Innovation and Speciation: whale changes (Evolution)

by dhw, Monday, May 29, 2017, 14:02 (2734 days ago) @ David Turell

DAVID: Of course they cohere. their separation is recognized.
dhw: If they cohere, there is a linked process of cause and effect, e.g. drive for improvement/complexity, triggered by environment change, leads to production of improvement/complexity. What’s the problem?
DAVID: My further thought from yesterday: Sunday, May 28, 2017, 02:47 I don't think 'improvement' and 'complexity' carry the same theoretical implications.

I have listed the three stages in order to stop you once and for all harping on about speciation not being required. We have agreed that it is the drive for improvement/complexity that leads organisms to take advantage of new opportunities. Whether it is one or the other makes no difference to that particular argument. However, it does make a difference to our concept of your God’s approach to evolution. You also harp on about your God’s purposefulness, and if he exists I too would expect there to be a purpose behind his actions. Complexity just for the sake of complexity does not seem as purposeful to me as complexity for the sake of improvement. But so long as we agree that there is a drive which explains why speciation took place though it was not required by environmental change, I’m not that bothered.

dhw: The illogicalities and contradictions arise from your guesses at his motives and methods, not from your belief in evolution or from the choice between chance and design!
DAVID: They are just guesses. My principal thoughts about God's goals are firm.

I know they are firm, but they are still just guesses, and it is those firm guesses that lead to all the illogicalities and contradictions.

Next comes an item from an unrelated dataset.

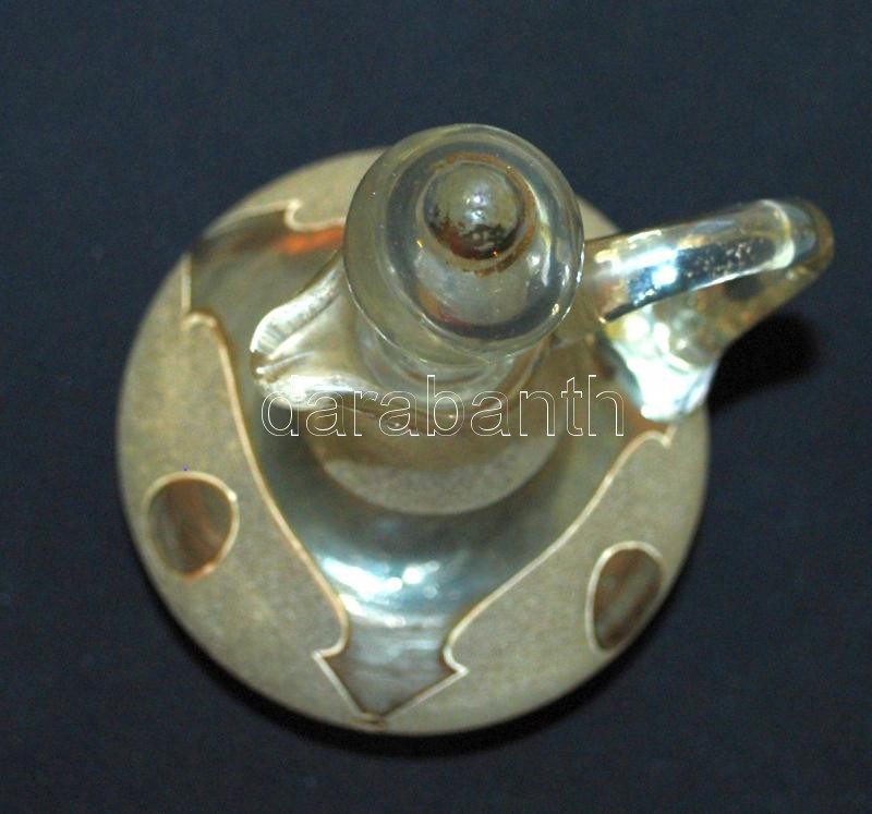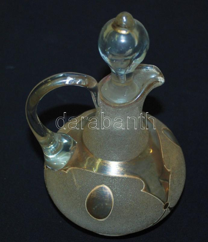Beschreibung: Cca 1930, kecses homok-fújt üveg kiöntő, csiszolt dugóval, kis repedés a nyakánál

DAVID: You misunderstand. No contradiction. I view 'initiate' to be approached as a word in its causative sense and also in its allowing opportunity sense. In the Cambrian the new oxygen level allowed a speciation process to create new ones, but did not demand it. I've never changed, Speciation was not required to happen.
dhw: So now your original “yes” apparently meant that environment both caused AND allowed speciation! And for the hundredth time, we know speciation was not REQUIRED to happen, and that is why we have said there must be a drive for improvement/complexity.
DAVID: No. my Cambrian example is the correct interpretation. Environmental change offers an opportunity nothing more, and in that sense is an initiator.

Precisely the meaning that I proposed from the very start of this discussion. It was you who first denied the link between speciation and environment, then said speciation preceded environmental change, and then mistakenly offered the meaning of “cause” (as opposed to “cause to begin”), which you have again accidentally repeated in the first quote above! Just in case you have forgotten, your final version and mine now reads: the drive for improvement/complexity is set in motion by environmental change (the initiator), and then uses the new opportunity. Let’s leave it at that before you get into even more of a tangle.